# what board do you use?



## Guest (Aug 5, 2006)

Nice choice ive had a ride on the burton severn and it was fab. As i've only been riding for 2 years I am still on my progression board which is my burton clash 154. I find it really responsive on well groomed runs and the roughest of terrain that off piste can throw at you. I cant wait untill i find out how it handles the park.


----------



## Guest (Aug 15, 2006)

*Board I ride.*

I ride a 156 Burton Feelgood. Which I love!!!! I ride in Ontario on some clear hard packed snow (ice!) and I can still get an edge!


----------



## Guest (Aug 16, 2006)

i currently am using a 2004 burton air 153 and it is great. it has never given me any problems and whenever i race my friends i have the fastest board out there. before i used the air i had a burton punch 137 and its also a great board for up and coming riders.


----------



## Guest (Aug 16, 2006)

i currently am using a 2004 burton air 153 and it is great. it has never given me any problems and whenever i race my friends i have the fastest board out there. before i used the air i had a burton punch 137 and its also a great board for up and coming riders.


----------



## Guest (Aug 25, 2006)

Burton Custom and t6. Selling the t6 though. It was a fun board, but it's so fast that it wears me out in just a few runs.


----------



## Guest (Sep 3, 2006)

I have an '06 Ride Havoc that I love, and a cheapie Lamar that I use for jibbing.


----------



## Guest (Oct 16, 2006)

I ride an 8 year old Lib Tech, I've ridden my buddies '06 burton and I much prefer mine. I don't know anything about my ride 'cus it was a handme down from a handmedown.

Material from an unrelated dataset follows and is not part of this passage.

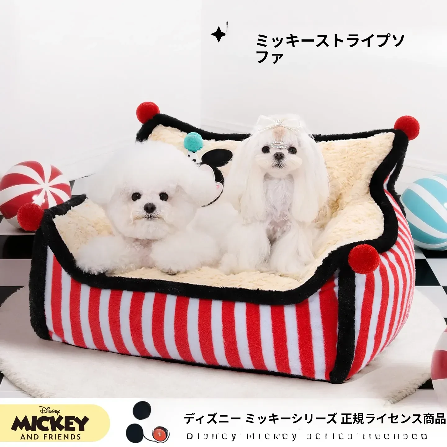 ディズニー ミッキー ストライプ ソファ型犬用ベッド 冬の暖かい寝床 犬猫用マット 四季通用の快適なペットハウス!あなたの愛犬・愛猫にぴったりの可愛いおしゃれな寝床で、心地よい眠りを提供します。
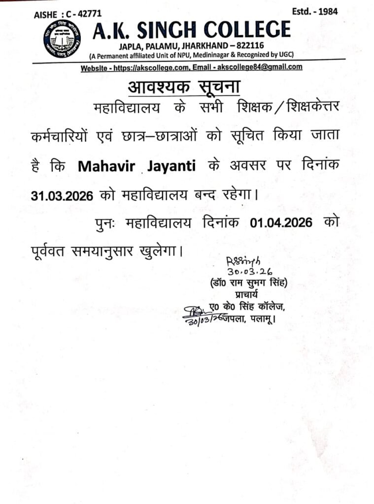 अवकाश Post author:A K Singh College, Japla Post published:March 30, 2026 Post category:Uncategorized Post comments:0 Comments Share this: Share on Facebook (Opens in new window) Facebook Share on X (Opens in new window) X Like this:Like Loading... You Might Also Like BACKLOG PRACTICAL EXAM(2018-21) SUBJECT-PHYSICS SEM-2 October 24, 2021 BACKLOG PRACTICAL EXAM(2018-21) SUBJECT-PSYCHOLOGY October 26, 2021 अवकाश February 22, 2026 Leave a Reply Cancel replyCommentEnter your name or username to comment Enter your email address to comment Enter your website URL (optional) Save my name, email, and website in this browser for the next time I comment. Notify me of follow-up comments by email. Notify me of new posts by email. Δ

Its wicked lava lampish graphics on the top and bottom though. Its cool!


----------



## Guest (Oct 18, 2006)

LibTechDylan said:


> I ride an 8 year old Lib Tech, I've ridden my buddies '06 burton and I much prefer mine. I don't know anything about my ride 'cus it was a handme down from a handmedown.
> 
> Its wicked lava lampish graphics on the top and bottom though. Its cool!


I can't stand when a board don't have fully wrapped edges. ie. Lib Tech or Santa Cruz. That's just cheap on the companys behalf IMO


----------



## Guest (Oct 18, 2006)

Oh ya, I'm on last years Costom X 156


----------



## Guest (Nov 4, 2006)

i have a salomon forecast 159 for the pow and a burton dominant slick for parks


----------



## Guest (Nov 6, 2006)

I just got my 150 Burton Dominant 07 and I love it!


----------



## Guest (Dec 11, 2006)

I ride a '04 Burton BMC 164 for pow days with '04 Burton Mission bindings with the Capstrap and Team Highbacks. I also have a '06 Burton Dominant 159 with '07 P1 Bindings. I've also had the same DC boots for the last three years witht the boa lacing system and I love 'em.


----------



## Guest (Dec 12, 2006)

Forum Jp Walker 157 FTW!


----------



## Guest (Dec 12, 2006)

166 burton custom i havnt used yet. going up friday with all brand new gear.


----------



## Guest (Dec 13, 2006)

I was riding on a 160 Rossignol strato but just bought a 2007 burton custom X

Excited to get out on the slopes ;-)


----------



## Guest (Dec 20, 2006)

jimaug87 said:


> 166 burton custom i havnt used yet. going up friday with all brand new gear.


Forum > Burton Anyday...just my 2 cents :cheeky4:


----------



## vanish217 (Jan 1, 2007)

156 atomic terminal


----------



## Guest (Jan 3, 2007)

I just got my Burton Custom X with Cartel Bindings. Excellent combo. Holds up to anything.


----------



## Guest (Sep 24, 2007)

i got my 5150 sect last year and love it. It's sick for rails, really flexible. It's a really fun board for really cheap


----------



## landonk5 (Aug 19, 2007)

i have a brand new set up this year:

07 Lib Tech TRS 154
Burton P1's
DC Park Boots.


----------



## PaoloSmythe (Aug 19, 2007)

Hallelujah!


----------